Entretien

Interview d'Anne-Catherine Muller

Professeur de droit privé et de sciences criminelles à Paris 1, Anne-Catherine Muller revient sur les enjeux juridiques des marchés financiers dans un livre paru en septembre 2023, intitulé "Droit financier : les opérations de marché".

Comment est née l’idée de cet ouvrage ?

Il existe peu de livres de droit financier, et plus particulièrement de droit sociétés cotées. Il n’en existe même que trois… Pourtant ce droit est amené à concerner de plus en plus d’entreprises dans la mesure où l’Union européenne cherche à promouvoir ce mode de financement.

A l’heure actuelle, en Europe, le financement des entreprises est principalement bancaire, à hauteur de 75%. Or, comme nous l'avons vécu récemment, on sait que lorsque les banques vont mal, l’entreprise, et plus largement toute l'économie trinquent… C’est ce qui s'est passé lors de la crise de la dette souveraine grecque, laquelle a entraîné une vaste crise économique. Il est intéressant de souligner qu’aux Etats-Unis, le financement des entreprises se fait selon une proportion exactement inverse avec un financement procuré à hauteur de 75 % par les marchés financiers et seulement 25 % par les banques.

 

Quelle était votre ambition et pour quel profil de lecteur avez-vous écrit ce livre ?

Comme la plupart des disciplines juridiques, le droit des sociétés cotées est une matière très mouvante. J’ai souhaité aider à sa compréhension à travers une vision analytique. Expliquer le fonctionnement des marchés financiers, comment une entreprise entre en bourse et en sort, quelles sont les règles auxquelles elle se voit soumise, les enjeux de ces règles et vers quoi elles vont évoluer. Au départ, je pensais m’adresser aux étudiants mais au fur et à mesure de l’écriture je me suis rendu compte que mes recherches pouvaient également intéresser des professionnels...

 

L’évolution du droit des sociétés cotées va-t-elle dans le bon sens selon vous ?

Cela dépend de quel côté on se place ! Mon livre ne prend pas parti mais essaie de montrer que les enjeux à défendre ne sont pas les mêmes selon que l’on est une entreprise ou un investisseur.
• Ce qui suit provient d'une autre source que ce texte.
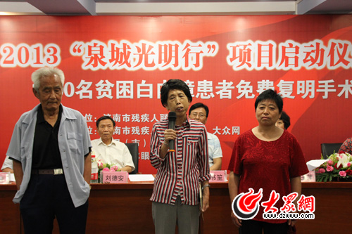 為幫助濟(jì)南市貧困白內(nèi)障患者重見光明,濟(jì)南市殘疾人福利基金會早在2010年便啟動首期“泉城光明行”活動,為濟(jì)南市200名白內(nèi)障患者實施了免費手術(shù)。2011年,第二期活動將救助名額增至500人。截止2012年底,“泉城光明行”活動已成功開展了三期,累計幫助1000多名貧困白內(nèi)障患者免費實施了復(fù)明手術(shù)。為了讓更多的貧困白內(nèi)障患者從中受益,第四期“泉城光明行”項目免費手術(shù)名額定為1000人。
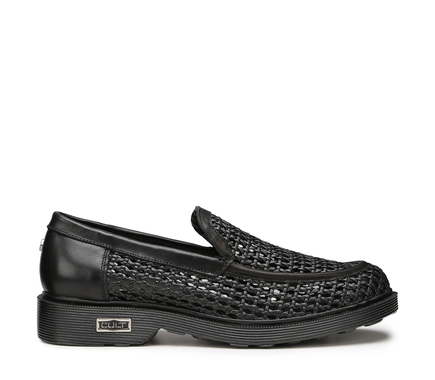 La creatività stilistica si combina con il fascino unico e inimitabile di questi mocassini da uomo firmate Cult per questa stagione. Questo mocassino è realizzato in pelle intrecciata e poggia su una suola in gomma personalizzata con l’iconica targhetta metallica. La costruzione sfoderata rende la scarpa particolarmente indicata per i look estivi.
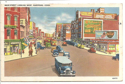 HARTFORD, CT - Main Street, West, Bus, Trolley, Cars, Trucks, CocaCola Sign, Sig
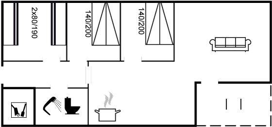 MultimedienIn der Ferienunterkunft gibt es einen Fernseher. LED-Fernseher. DVD-Player. Radio. Mindestens 4 dänische Fernsehsender. 1-3 schwedische Fernsehsender. 1-3 norwegische Fernsehsender. Mindestens 4 deutsche Fernsehsender. 1-3 englische Fernsehsender. Es steht kabellose Internetverbindung zur Verfügung.

Constitue une illustration de la nécessaire balance des intérêts à laquelle doit procéder le droit financier, comme tout droit le prospectus relatif aux titres financiers offerts au public pour une entreprise qui souhaite se financer directement par les marchés financiers. Ce document d’informations, volumineux puisqu'il fait souvent 300 à 400 pages, fait l'objet d'un encadrement par un règlement européen. Le prospectus représente un document précontractuel, indispensable à l'investisseur pour s'informer avant de décider d'investir, mais qui a un coût élevé pour l'émetteur. Le règlement relatif au prospectus date de 2017 et exonère de prospectus les entreprises qui offrent des titres publics pour un montant inférieur à 8 millions d’euros or, actuellement, il y a un projet pour relever ce seuil à 12 millions d’euros… Si ce relèvement s'avèrerait bénéfique aux entreprises, la protection des investisseurs en serait diminuée… D'autres aspects du droit financier témoignent de la difficulté de concilier certains objectifs. La dernière partie de l'ouvrage, consacrée aux offres publiques d'acquisitions, souligne combien les nombreuses évolutions législatives dans ce domaine illustrent le désir de s'ouvrir aux financements étrangers et, en même temps, la volonté de protéger les entreprises et les emplois nationaux.

 

Quelles sont les grandes révolutions juridiques à venir pour les opérations de marché ?

Le droit financier repose principalement sur le droit européen. L'ambition du projet Capital Markets Union (CMU) est de supprimer les barrières entre les pays afin que les capitaux circulent librement et qu’il n’y ait plus de législations différentes. Ce projet va impliquer l'adoption de nombreux textes européens.

L’autre sujet qui émerge et sur lequel tous les juristes sont mobilisés actuellement concerne le reporting extra-financier des entreprises, désormais rendu obligatoire par plusieurs textes européens. Le nouveau rapport sur la durabilité contrait les grandes entreprises, puis, à terme, les PME, à publier des informations extra-financières sur leurs activités, au moyen d'indicateurs environnementaux, sociaux et de gouvernance, et à faire valider ces information par un tiers indépendant.

 

Anne-Catherine Muller, Droit financier : les opérations de marché : L’introduction en bourse et ses conséquences – Les transactions – Les offres publiques d’acquisition, Éditions Economica, septembre 2023.